Recorded data:
· · ·
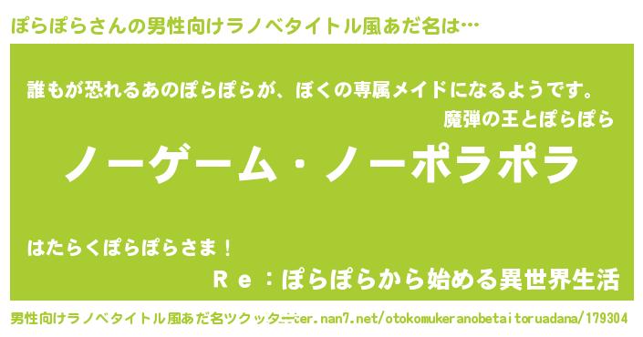 | 女子向けラノベタイトル風あだ名 | 『死神ぽらぽらの再婚』『闇のぽらぽら』 |
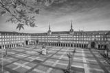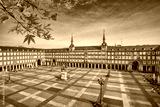Madrid Spain, city skyline at Plaza Mayor with autumn leaf foliage
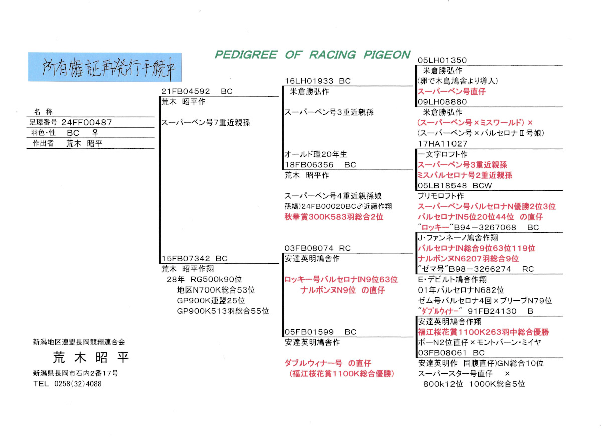 出品鳩♀64番「24FB00487 BC ♀」荒木昭平鳩舎作スーパーベン号7重近親鳩(米倉作スーパーベン号3重近親孫鳩×スーパーベン号4重近親孫)×地区N700K総合53位GP900K連盟25位513羽総合55位鳩&ロッキー号バルセロナIN9位63位113位孫鳩 との直仔です。 父親 ♂33番「21FB04592 BC ♂」荒木昭平鳩舎作スーパーベン号7重近親鳩 米倉作スーパーベン号3重近親孫鳩(スーパーベン号直仔×スーパーベン号直仔同士の娘)×スーパーベン号4重近親孫(スーハーベン号3重近親孫×スーパーベン号娘鳩)との直仔です。 母親 ♀2番「15FB07342 BC ♀」荒木昭平鳩舎作翔地区N700K総合53位GP900K連盟25位513羽総合55位鳩で 両親安達作ロッキー号ファンネーノ作翔バルセロナIN9位63位113位ナルボンヌN9位直仔×ダブルウィナー号福江桜花賞1000K総合優勝の娘鳩 との直仔です。 詳しくは、添付の血統書の参照をお願いいたします。 ※当該鳩の「所有権証」粉失したため現在再発行手続き中です。 <備考> 振込または、現金書留でお願いします。 菅原明鳩舎の概要はこちらをご覧ください |
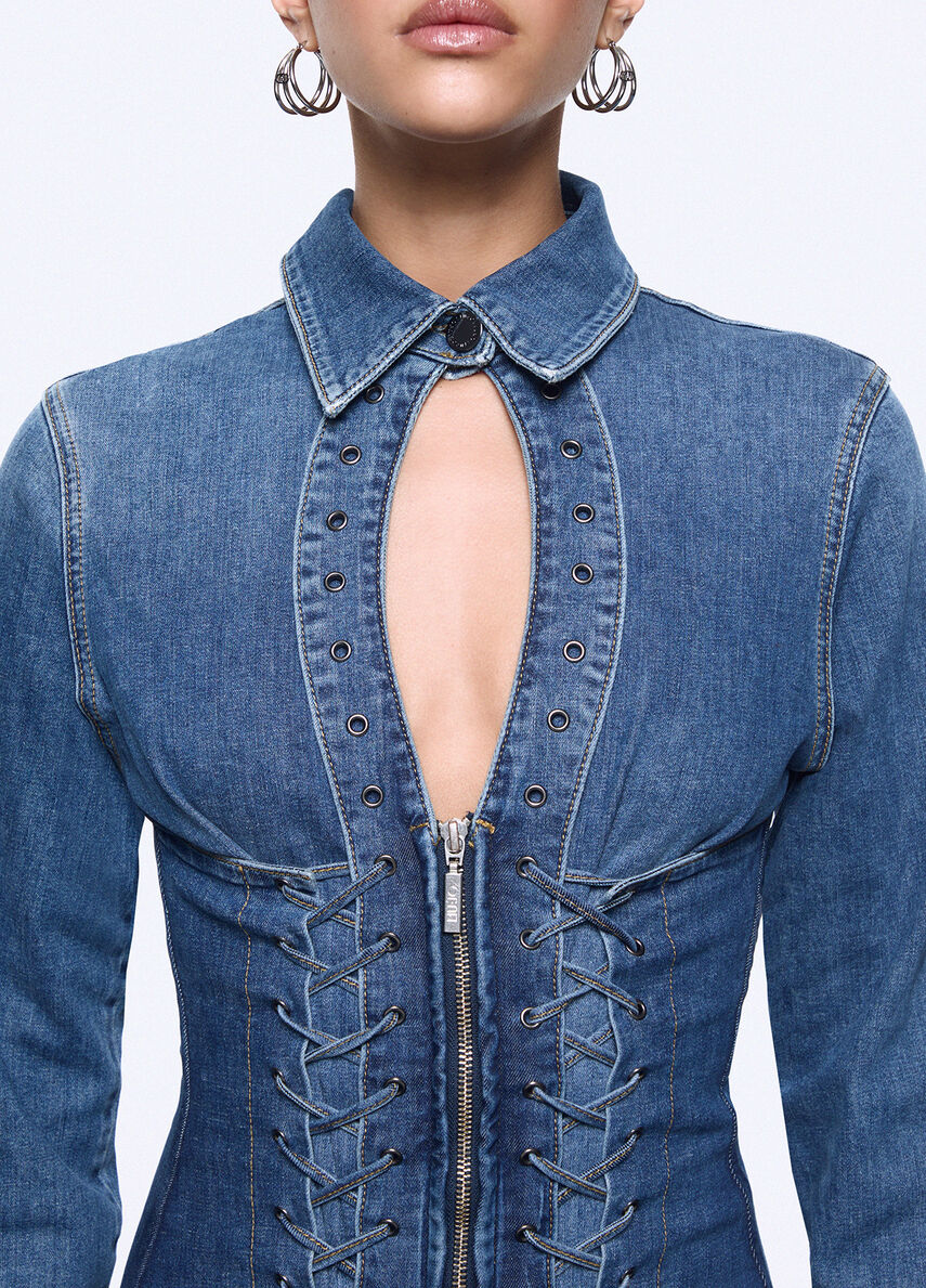 Linee aderenti, dettagli lace-up e costruzione bustier. Questo abito corto in denim della collezione Liu Jo feat. Elodie disegna una femminilità sensuale e contemporanea, impossibile da dimenticare.
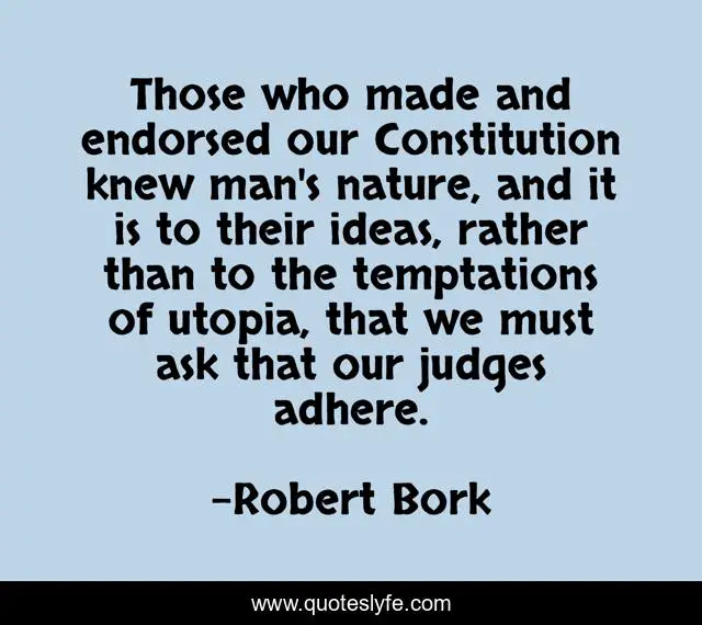 This page presents the quote "Those who made and endorsed our Constitution knew man's nature, and it is to their ideas, rather than to the temptations of utopia, that we must ask that our judges adhere.". Author of this quote is Robert Bork. This quote is about man, constitution, ideas,.
· · ·
WORK TO COMPLETE: Each line from the one containing "Madrid Spain, city" through the last line of the entries above is to be extracted exactly. Pictures are not part of the copy.

ANSWER FOR THIS EXERCISE:
Madrid Spain, city skyline at Plaza Mayor with autumn leaf foliage
 出品鳩♀64番「24FB00487 BC ♀」荒木昭平鳩舎作スーパーベン号7重近親鳩(米倉作スーパーベン号3重近親孫鳩×スーパーベン号4重近親孫)×地区N700K総合53位GP900K連盟25位513羽総合55位鳩&ロッキー号バルセロナIN9位63位113位孫鳩 との直仔です。 父親 ♂33番「21FB04592 BC ♂」荒木昭平鳩舎作スーパーベン号7重近親鳩 米倉作スーパーベン号3重近親孫鳩(スーパーベン号直仔×スーパーベン号直仔同士の娘)×スーパーベン号4重近親孫(スーハーベン号3重近親孫×スーパーベン号娘鳩)との直仔です。 母親 ♀2番「15FB07342 BC ♀」荒木昭平鳩舎作翔地区N700K総合53位GP900K連盟25位513羽総合55位鳩で 両親安達作ロッキー号ファンネーノ作翔バルセロナIN9位63位113位ナルボンヌN9位直仔×ダブルウィナー号福江桜花賞1000K総合優勝の娘鳩 との直仔です。 詳しくは、添付の血統書の参照をお願いいたします。 ※当該鳩の「所有権証」粉失したため現在再発行手続き中です。 <備考> 振込または、現金書留でお願いします。 菅原明鳩舎の概要はこちらをご覧ください |
 Linee aderenti, dettagli lace-up e costruzione bustier. Questo abito corto in denim della collezione Liu Jo feat. Elodie disegna una femminilità sensuale e contemporanea, impossibile da dimenticare.
 This page presents the quote "Those who made and endorsed our Constitution knew man's nature, and it is to their ideas, rather than to the temptations of utopia, that we must ask that our judges adhere.". Author of this quote is Robert Bork. This quote is about man, constitution, ideas,.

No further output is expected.